2009年 2月 16日
本人訴訟支援(武富士)
10:30 県内の某裁判所へ顧客Yさんと
共に入廷する。
Yさんは武富士と昭和の頃から取引を
しており、約200万円の過払い(利息込み
で250万円)が発生しているため提訴に
踏み切った。
しかし、過払い元金が140万円を超える
場合には司法書士に代理権はないため、
書類作成等の本人訴訟支援という形で
サポートする。
いよいよYさんの番。事前の打ち合わせは
バッチリである。
裁判官「Yさんですね?」
Yさん「はい、そうです」
裁判官「被告は欠席ですが、一応答弁書が
出てますね。」
–中身に目を通す裁判官–
この件は分断等の争点はない。
武富士の答弁書を事前に見たが、過払い
利息はその都度発生ではなく、あくまで
最後の取引からであり、それが民法704条
の趣旨であり、某裁判所では支持を得ている
などの内容。
裁判官「これは答弁としてはどうなのかね・・。
原告はもしこれに意見があるなら、準備書面
を提出してください。
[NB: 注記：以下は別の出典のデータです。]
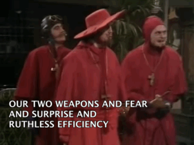 Obrigada pelos spams, papagaio, Inquisição, nudge, animações incríveis, senhoras de vozes esganiçadas, futebol, cricket, nos explicar o sentido da vida e músicas contagiantes.

なければ別に結構です。
あとは訴外でもし和解できるようならなるべく
そうしてください。」
–こちらを伺うYさんにうなずく私–
Yさん「はい、分かりました。」
裁判官「では次回期日を三月△日に指定
したいと思いますがいかがですか?」
–こちらを伺うYさん。予定を確認して
うなずく私–
Yさん「ではその日でお願いします」
通常貸金業者は悪意の受益者であり、
悪意の受益者が受け取った不当な利益には
その都度利息が発生する。
よく悪意ではないといった主張は以前あったが、
今度は法の趣旨をそのように解釈してくるとは
多少意外であった。
しかし裁判官は論点として見なかったようだ。
この件は恐らく次回までに和解になるだろう。
本人訴訟であっても、しっかりとしたサポート
があれば十分に闘えます。
Yさんの労をねぎらい裁判所をあとにした。